I have an Onkyo HT-S7800 and i would like to replace my existing center speaker with Klipsch RP-250C. Is it compatible with my existing system? Is Klipsch RP-250C worth the upgrade from my existing center speaker?

Thanks in advance


----------



## ericzim (Jun 24, 2012)

I would consider replacing the 3 front speakers with Klipsch just so you're timbre matched but who knows, maybe you'll get lucky with the Onkyo Left and Right matching a Klipsch center channel. As far as the Onkyo handling it, shouldn't be an issue.


----------



## Andre (Feb 15, 2010)

I agree with Eric


----------



## Gregr (Nov 2, 2010)

You'll find many in agreement on Klipsch equipment of any config wherever you go and whoever you ask. I am not going to say its a bad choice. But because you are able to blend any speaker with other existing speakers in your current system i suggest you start thinking about a goal of bigger and better speakers all around in your upgrade.

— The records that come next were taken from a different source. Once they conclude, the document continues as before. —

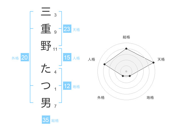 三重野 たつ男さんを姓名の画数から五運を鑑定
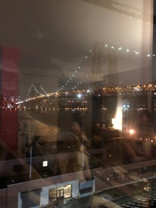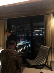 Our host, who is seated, and another guest.sight. People were talking to each other. Imagine, a club that’s glamorous and respects your privacy. Our generous host had a surprise for us. After dinner we walked through Dumbo to a hotel overlooking the East River. We took the elevator to the fifth floor where we entered a charming bedroom complete with champagne, wine and a view of the Brooklyn Bridge, Manhattan Bridge and Williamsburg Bridge. We had a marvelous time talking about old and new adventures.
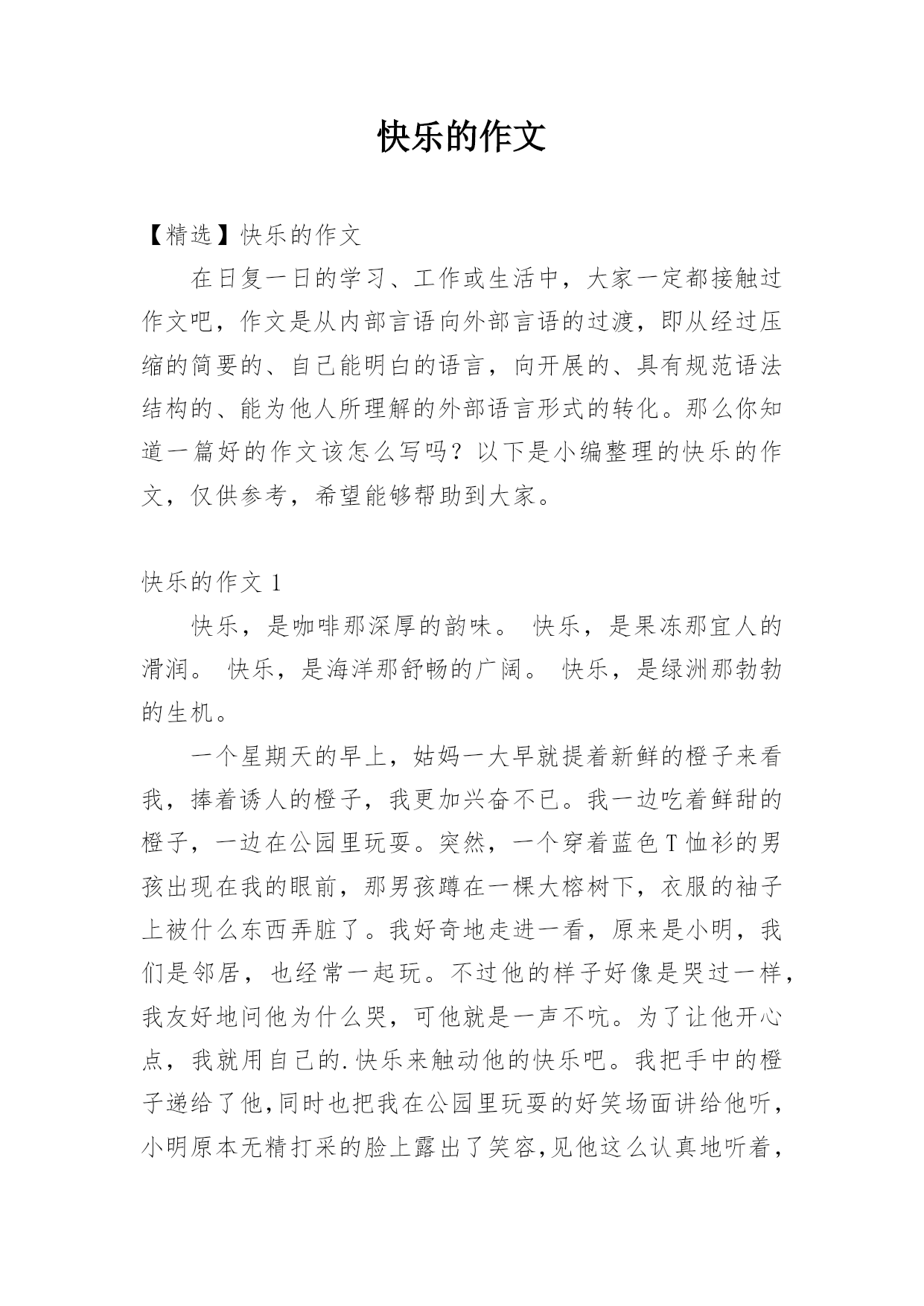 快乐的作文【精选】快乐的作文在日复一日的学习、工作或生活中,大家一定都接触过作文吧,作文是从内部言语向外部言语的过渡,即从经过压缩的简要的、自己能明白的语言,向开展的、具有规范语法结构的、能为他人所理解的外部语言形式的转化。那么你知道一篇好的作文该怎么写吗?以下是小编整理的快乐的作文,仅供参考,希望能够帮助到大家。快乐的作文1快乐,是咖啡那深厚的韵味。快乐,是果冻那宜人的滑润。快乐,是海洋那舒畅的广阔。快乐,是绿洲那勃勃的生机。一个星期天的早上,姑妈一大早就提着新鲜的橙子来看我,捧着诱人的橙子,我更加兴奋

For the same or near the same try looking at https://www.crutchfield.com/p_970DC62/ELAC-Debut-2-0-C6-2.html 



The Elac speakers i've noticed have had some very fine reviews and the Elac C6.2 (center channel) looks like another fine product. I prefer the Elac's sweet sounding silk dome tweeter above Klipsch's dry tinny horn loaded tweeter. Then the Elac's 6.5" mid drivers are very capable drivers much as the Klipsch 5.25" driver but again i prefer the 6.5" aramid driver over the Klipsch metalic 5.25" the added bonus are the forward firing ports of the Elac.


Elac is relatively new to the market and their prices are still low. 



Of course i would rather you buy Dynaudio, or Totem or even MonitorAudio..., actually Monitor is another near your price range.


----------